Datadog pricing starts at $15 per host per month for Infrastructure Monitoring (annual billing), but that number tells you almost nothing about your actual bill. Datadog is not one product with one price. It is roughly a dozen products, each metered differently, and the bill is driven by the ones that scale with your data: log ingestion and indexing, custom metrics, APM indexed spans, RUM sessions, and synthetic test runs. A mid-market team can start at a few hundred dollars a month and pass $8,000 a month within a year without changing much about how they operate.

This guide breaks down every pricing dimension in Datadog with current numbers, shows where the hidden costs come from, walks through what a real bill looks like at different team sizes, and covers how to cut your spend. At the end, I cover where Hyperping fits as a flat-rate option for the uptime, status page, and on-call slice of what teams use Datadog for.

In this guide:

  • What Datadog actually costs, product by product, with current figures
  • The hidden costs and billing mechanics behind a high bill (high-water-mark hosts, ingest-and-index, custom metric cardinality)
  • A realistic bill for a 100-person engineering team
  • How costs scale for solo developers, growing teams, and enterprises
  • Practical ways to cut your Datadog bill, plus a quick spend audit
  • Where a flat-rate alternative makes sense, and where it does not

Quick summary

  • Datadog has no single price. Infrastructure Monitoring starts at $15/host/mo (annual) or $18 on-demand, APM at $31/host/mo, and logs at $0.10/GB ingested plus $1.70 per million events indexed. The bill is dominated by usage-based add-ons, not the base host fee.
  • Four hidden costs drive most bills: high-water-mark host billing, the custom metrics tax (every Prometheus or OpenTelemetry metric counts), paying twice for logs (ingest then index), and APM indexed span overages.
  • A 100-person engineering team commonly pays around $8,000 to $9,000 a month (roughly $100,000 a year) across products. Enterprises with 500+ services regularly report bills over $500,000 a year.
  • Datadog is genuinely good at unified observability with metrics, logs, and traces in one place. The cost is the most common complaint, even from reviewers who rate it five stars.
  • If you mainly use Datadog for uptime checks, synthetic monitoring, status pages, and on-call, Hyperping covers that slice at a flat rate from $29/mo, with no per-host or usage metering. It does not replace Datadog's tracing, logs, or APM.

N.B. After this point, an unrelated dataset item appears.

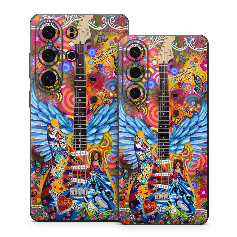 iStyles Samsung Galaxy S26 Series Skin design of Musical instrument, Guitar, Guitar accessory, Textile, Organism, String instrument, Plucked string instruments, String instrument accessory, Art, Font, with red, yellow, orange, pink, black, white, blue, brown, green colors, and tagged with music, flowers, people, signs, animals, nature, objects, hearts, guitar, wings, butterfly, flowers.

Pricing figures are based on Datadog's published rates as of June 2026 and may change. Always check Datadog's pricing page for current numbers.

Is Datadog pricing actually worth it?

Datadog's pricing page lists clean per-host figures that make the platform look affordable. For a handful of hosts, it is. The problem is that the base host fee is the smallest part of most bills. The real money is in the usage-based products layered on top, and those scale with your data volume, your traffic, and your architecture, not with a number you pick on a plan page.

That is the gap this guide maps. Teams rarely get surprised by the $15 host fee. They get surprised when log indexing, custom metrics, and span overages show up on month two, after the data has started flowing and the annual commitment is already signed. The pattern is consistent enough that "I do not understand the Datadog pricing model" is a recurring thread on r/devops.

Datadog is worth it for teams that need deep, correlated observability across a complex distributed system and have the budget and the discipline to manage usage. It becomes a poor deal for teams that adopted it for a narrower job, like uptime checks and a status page, and are paying observability-platform prices for it.

Why listen to us?

I am Léo, founder of Hyperping. So yes, I have a stake here: Hyperping competes with a slice of what Datadog does. I am going to be straight about that throughout, including the parts where Datadog is the better tool and Hyperping is not a replacement at all.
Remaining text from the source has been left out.